Three honest ones. Reproducible is not valid: every axis is deterministic arithmetic on frozen embeddings, so a rerun gives the same number — but that rules out only randomness, not whether bge-large encodes meaning faithfully. The whole instrument rests on that one embedding model, and all of its biases are baked silently into every axis. Quantization is lossy: collapsing a continuous geometry to a six-axis ternary state throws away magnitude. The late-week bins are small: Grok's 65% in the all-weeks view is computed on n=20; the stable-five late figure (56%) pools three weeks but is still modest. We report the n alongside every percentage and avoid leaning on any single week.

Open invitation · help us harden it or break it

The code, prompts, model responses, and raw measurements are public, and replication costs about $50 in API credits. We would rather this page be attacked than admired. Specific things we would find genuinely informative: (1) run the heavy-RLHF-versus-lightly-tuned comparison on this Iran corpus — we have not, and it would test whether the per-model divergence is corpus-inherited here the way it was elsewhere; (2) re-score the absent axis with a second embedding model and see whether the snap survives a different geometry; (3) hand-audit a random sample of high-absent stories to estimate how often the lexical measure mistakes paraphrase for omission; (4) attack the stable-five handoff with a different outlier definition (e.g. second-farthest, or a continuous spread rather than argmax). If any of these breaks a finding, we will say so on this page, the way we have corrected it before. The repository is linked below; the fastest way to confound us is to run it.

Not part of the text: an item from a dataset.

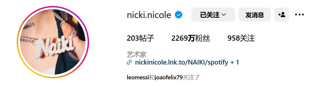 报道称,恩佐-费尔南德斯正在与24岁的阿根廷说唱歌手Nicki Nicole约会,她在社交媒体上有超过2200万粉丝。值得一提的是,梅西和菲利克斯也关注了她。
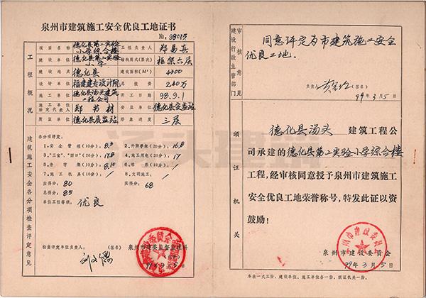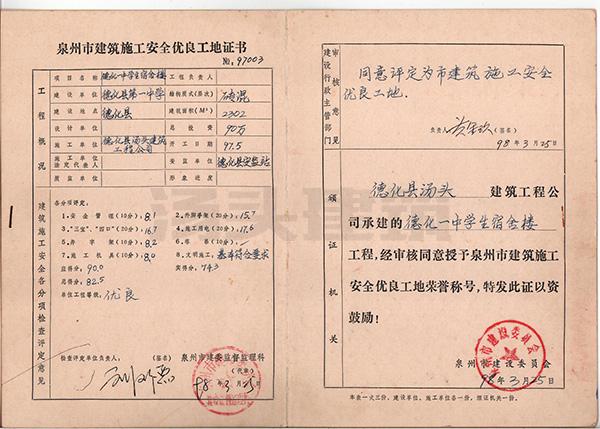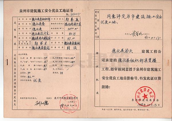 1998年 德化县委组织部集资楼-泉州市施工安全优良工地证书

What this is, and what it is not

Measured · in sum

Over 85 days and 510 classified segments, on the biggest story of the period: (1) the source-content axis snapped from negative to positive at the war's escalation and held; (2) attribution buffering pinned to its floor over the same span — preserved but walled; (3) on a constant five-model ensemble, the consensus outlier handed off from Claude to Grok as the story matured (Claude 29%→17%, Grok 22%→56%); (4) the ensemble's anti-consensus direction drifted from Iran's history to the live conflict, with wwiii persistently in the circled-but-unsaid set. Each claim is verifiable against the verbatim summaries and the per-week signature data, with no model judging another model anywhere in the stack.

Argued · in sum

We read these measurements together as a portrait of five models collectively metabolizing a war in real time — compressing it while ambiguous, preserving but walling it once undeniable, and converging on a cautious consensus that the bluntest model increasingly broke from. We find this portrait well-supported. It remains interpretation, fenced from the measurements on purpose so it can be weighed — or rejected — independently.

What it is not

This is not a claim that any model is "biased against Iran," that any lab tuned its model to soften the war, or that the preserved-but-walled pattern is wrong reporting. A model buffering a live-conflict claim may often be doing the correct thing. The finding is structural: the same handful of models, deployed as the reading and summarizing layer across institutions at once, moved together in the same direction as this story escalated — and that collective movement is measurable, reproducible, and the same whether or not any single summary was justified.